I hope this makes sense!

data {
  int<lower=1> D;
  int<lower=0> N;
  array[N, D] int<lower=1> y;
  array [N] real X;
  int cats;
}
transformed data{
  int n_thr = cats-1;
}
parameters {
  cholesky_factor_corr[D] L;
  array[N, D] real<lower=0, upper=1> u; // nuisance that absorbs inequality constraints
  array[D] ordered[n_thr] thr;
  array [D] real<lower=0> beta;
}
model {
  beta ~ normal(0,5);
  L ~ lkj_corr_cholesky(4);
  for(d in 1:D){
    for(i in 1:n_thr){
      thr[d,i] ~ normal(i+1,1);
    }
  }
  
  // implicit: u is iid standard uniform a priori
  {
    for (n in 1 : N) {
      array [N] vector[D] z;
      array [N] vector[D] mu;
      real prev;
      prev = 0;
      for (d in 1 : D) {
        mu[n,d] = beta[d]*X[n];
        // Phi and inv_Phi may overflow and / or be numerically inaccurate
        real t;
        if (y[n,d] == 99) {
          z[n,d] = inv_Phi(u[n,d]);
          target += log(1);
        } else if (y[n, d] == 1) {
          real ub = Phi((thr[d,1] - (mu[n,d] + prev)) / L[d,d]);
          t = ub * u[n, d];
          z[n,d] = inv_Phi(t); // implies utility is positive
          target += log(ub); // Jacobian adjustment
        } else if (y[n,d] == n_thr + 1) {
          real lb = Phi((thr[d, n_thr] -(mu[n,d] + prev)) / L[d,d]);
          t = lb + (1 - lb) * u[n,d];
          z[n,d] = inv_Phi(t); // implies utility is negative
          target += log1m(lb); // Jacobian adjustment
        } else{
          real lb = Phi((thr[d, y[n,d] - 1] -(mu[n,d] + prev)) / L[d,d]);
          real ub = Phi((thr[d, y[n,d]    ] -(mu[n,d] + prev)) / L[d,d]);
          t = lb + (ub - lb) * u[n,d];
          z[n,d] = inv_Phi(t); // implies utility is negative
          target += log(ub - lb);
        }
        if (d < D) {
          prev = L[d + 1, 1 : d] * head(z[n], d);
        }
        // Jacobian adjustments imply z is truncated standard normal
        // thus utility --- mu + L_Omega * z --- is truncated multivariate normal
      }
    }
  }
}
generated quantities {
  corr_matrix[D] Omega;
  Omega = multiply_lower_tri_self_transpose(L);
}

Here’s the chapter I wrote for the User’s Guide answering this question:

That would be correct if \theta were a point estimate.
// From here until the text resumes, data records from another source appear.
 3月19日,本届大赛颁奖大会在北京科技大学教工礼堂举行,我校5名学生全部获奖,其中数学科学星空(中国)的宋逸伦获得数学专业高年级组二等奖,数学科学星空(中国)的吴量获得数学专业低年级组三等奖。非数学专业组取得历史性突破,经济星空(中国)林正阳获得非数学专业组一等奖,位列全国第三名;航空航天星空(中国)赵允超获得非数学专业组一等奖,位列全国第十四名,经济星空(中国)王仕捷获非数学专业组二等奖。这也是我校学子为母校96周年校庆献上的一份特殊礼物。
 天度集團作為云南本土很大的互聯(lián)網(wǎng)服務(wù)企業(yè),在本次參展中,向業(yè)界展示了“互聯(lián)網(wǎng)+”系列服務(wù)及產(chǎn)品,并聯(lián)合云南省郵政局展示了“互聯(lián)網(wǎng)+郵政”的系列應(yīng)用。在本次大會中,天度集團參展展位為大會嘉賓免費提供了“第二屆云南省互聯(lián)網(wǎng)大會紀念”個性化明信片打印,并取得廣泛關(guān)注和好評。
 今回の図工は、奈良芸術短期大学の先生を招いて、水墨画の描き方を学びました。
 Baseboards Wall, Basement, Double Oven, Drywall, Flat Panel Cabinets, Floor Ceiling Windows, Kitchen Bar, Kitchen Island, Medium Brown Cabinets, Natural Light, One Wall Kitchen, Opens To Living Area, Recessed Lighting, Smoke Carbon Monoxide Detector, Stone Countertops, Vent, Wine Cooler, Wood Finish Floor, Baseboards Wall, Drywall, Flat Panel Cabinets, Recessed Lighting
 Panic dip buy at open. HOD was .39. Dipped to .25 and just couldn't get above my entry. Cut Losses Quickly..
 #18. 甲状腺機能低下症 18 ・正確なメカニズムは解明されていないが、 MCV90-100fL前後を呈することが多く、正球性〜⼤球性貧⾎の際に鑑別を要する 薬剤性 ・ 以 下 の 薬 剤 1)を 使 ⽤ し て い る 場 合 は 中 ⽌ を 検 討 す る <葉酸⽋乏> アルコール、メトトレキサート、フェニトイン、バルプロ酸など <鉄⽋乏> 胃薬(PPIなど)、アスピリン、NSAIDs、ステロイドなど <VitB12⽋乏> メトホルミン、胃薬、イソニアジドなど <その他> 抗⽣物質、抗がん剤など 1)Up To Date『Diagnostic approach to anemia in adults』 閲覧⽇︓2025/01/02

But we’re doing Bayesian inference, so if we have training data x, y and a test covariate vector \hat{x}, we want to use posterior predictive inference

p(\hat{y} \mid \hat{x}, y, x) = \mathbb{E}[p(\hat{y} \mid \Theta) \mid x, y] = \int p(\hat{y} \mid \theta) \cdot p(\theta \mid x, y) \, \textrm{d}\theta.

To calculate with MCMC draws \theta^{(1)}, \ldots, \theta^{(M)} \sim p(\theta \mid x, y), you have

p(\hat{y} \mid \hat{x}, y, x) \approx \frac{1}{M} \sum_{m=1}^M p(\hat{y} \mid \theta^{(m)}),

but we need to calculate on the log scale,

\log p(\hat{y} \mid \hat{x}, y, x) \approx -\log M + \textrm{logSumExp}_{m=1}^M \log p(\hat{y} \mid \theta^{(m)}),

where logSumExp is the log-sum-of-exponentials function. (This is all just to prevent underflow in the log density calculations and keep as much arithmetic precision as possible.)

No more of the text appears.